The committee discovered that about 3, 171,644, 336
litres of petrol, allegedly subsidised, never got to the
market.
But the committee reprimanded a former Chairman of the
PPPRA, Senator Ahmadu Ali, and the board members
(2009-2011) for their “decision which opened the
floodgate for the bazaar” in the agency.
It did not recommend any sanction against Ali, a former
National Chairman of the ruling Peoples Democratic Party
(PDP), and the erstwhile board members.
These highlights are contained in the report of the
committee that was made available to the media
yesterday in Abuja.
The report reads: “The PPPRA is expected to assign
independent inspectors interchangeably referred to as
Independent Monitors/ and or Industry Consultant to
measure and certify the quantity of products imported
and supplied by the importer-companies. They are also
required to analyse the quality specifications of the
products and ascertain the quantity of Bunker Fund in the
Vessel to avoid adulteration and volume distortions.
“The committee could not confirm the presence or the
identity or even the existence of this category of
participants under the PSF Scheme.
“It appears to the committee unlikely that this category of
stakeholders exists, especially in the light of the following:
•the widely reported many cases across the country of
domestic fire as a result of adulterated HHK and the
vehicle engine knocks attributed to the availability of
adulterated fuel in Nigeria; and
•the inability of any of the government agencies to
produce incontrovertible evidence of or even present any
consistent data on the quantity of products imported into
Nigeria provides a firm basis to conclude that these
Independent Inspectors are non-existent.
“The Committee tasked itself to specifically identify
marketers and the transactions that gave rise to claims to
subsidy on products that may not have been brought in.

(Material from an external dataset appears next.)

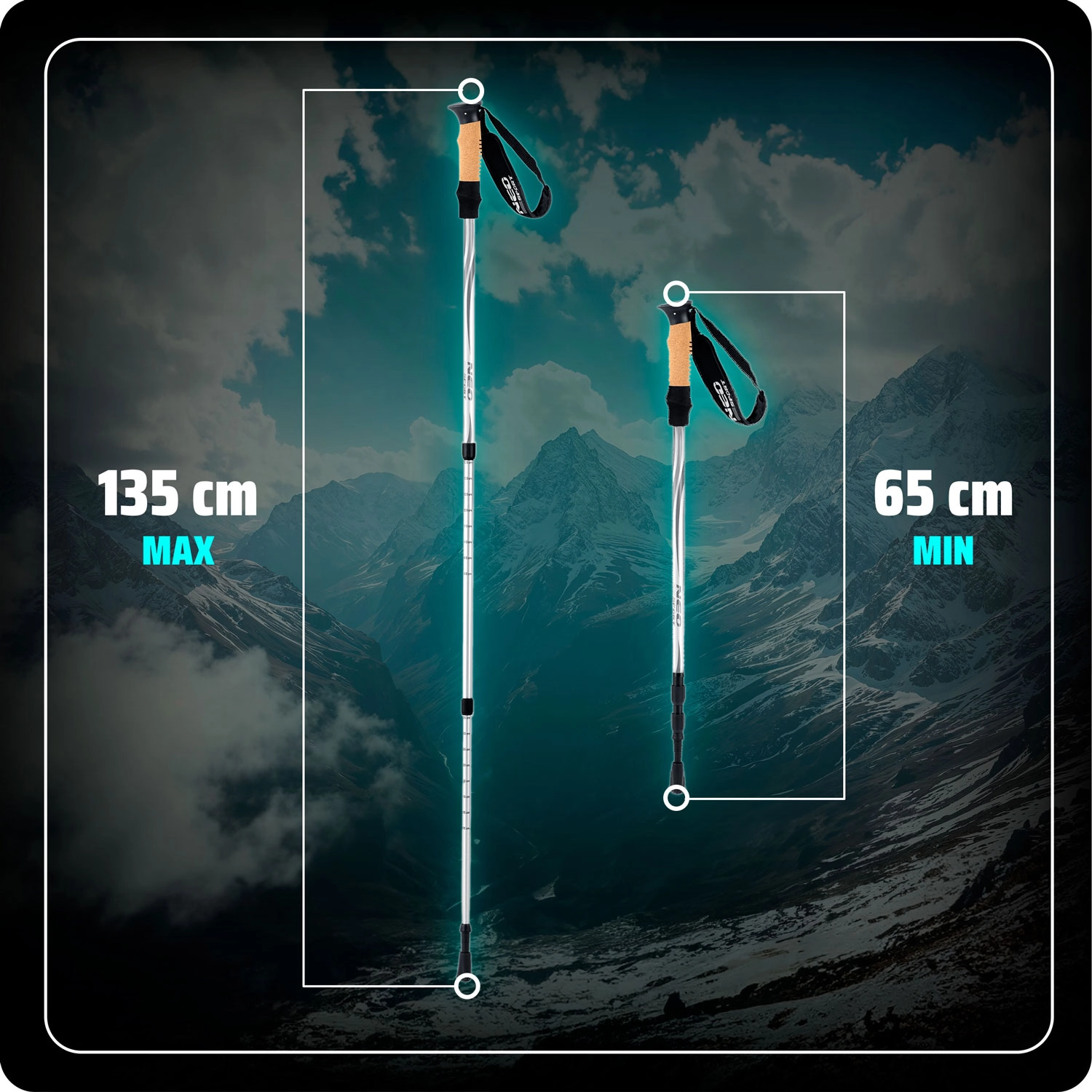 Lahke in trpežne treking palice z nastavitvijo dolžine 65–135 cm za pohodništvo in nordijsko hojo. Ponuja antivibracijski sistem ANTYSHOCK, ergonomske plutovinaste ročaje, nastavljiv pašček in zamenljive nastavke za različne podlage. Izdelane iz aluminijeve zlitine AL 7075 za visoko trdnost pri nizki teži. V kompletu je brezplačen transportni etui.

“The Committee identified that the marketers were often
awarded superfluous quantities of products to supply but
often did not meet the target.
“In 2009, PPPRA approved a supply of 11,341,507,500
litres of PMS for the marketers. However PPPRA confirmed
the marketers discharged only 5,085, 206, 983 litres or
55.16% under-discharge.
“Despite being aware of the under-performance by the
marketers in 2009 or the defect in its procurement
process and management, PPPRA increased the 2010
Approved Deliverables to 12,410,955, 000 litres. The
marketers delivered only 6,226,586,543, that is 49.8%
under performance. In spite of the under performance,
there were no crises of product availability throughout
2011.
“This same ugly trend was maintained by PPPRA in 2011
during which it increased its approved quantity to
13,589,510,000 litres but, however, confirmed a delivery
of 9,317,145,231 litres, an under performance by 31.4%.

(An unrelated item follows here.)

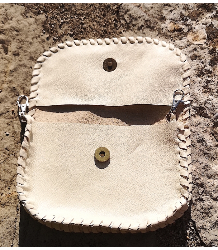 Pochette en cuir blanc forme demie lune fait main rivets décoratifs couleur métal argent

“(i) By PPPRA’s representation, the marketers received
N680.982billion as subsidy for supplying 9,317,145,275
litres of PMS in 2011. (ii)Curiously, PPPRA made another
presentation that the marketers were paid
N975.896billion for supplying 12,488,789,611 litres of
PMS in 2011.
“Between (i) and (ii) above, PPPRA has confirmed that
N294, 914billion was paid on 3,171,644,336 litres of PMS
that might not have been supplied.
“The anomaly is hereby referred to the relevant anti-
corruption agencies for further investigation.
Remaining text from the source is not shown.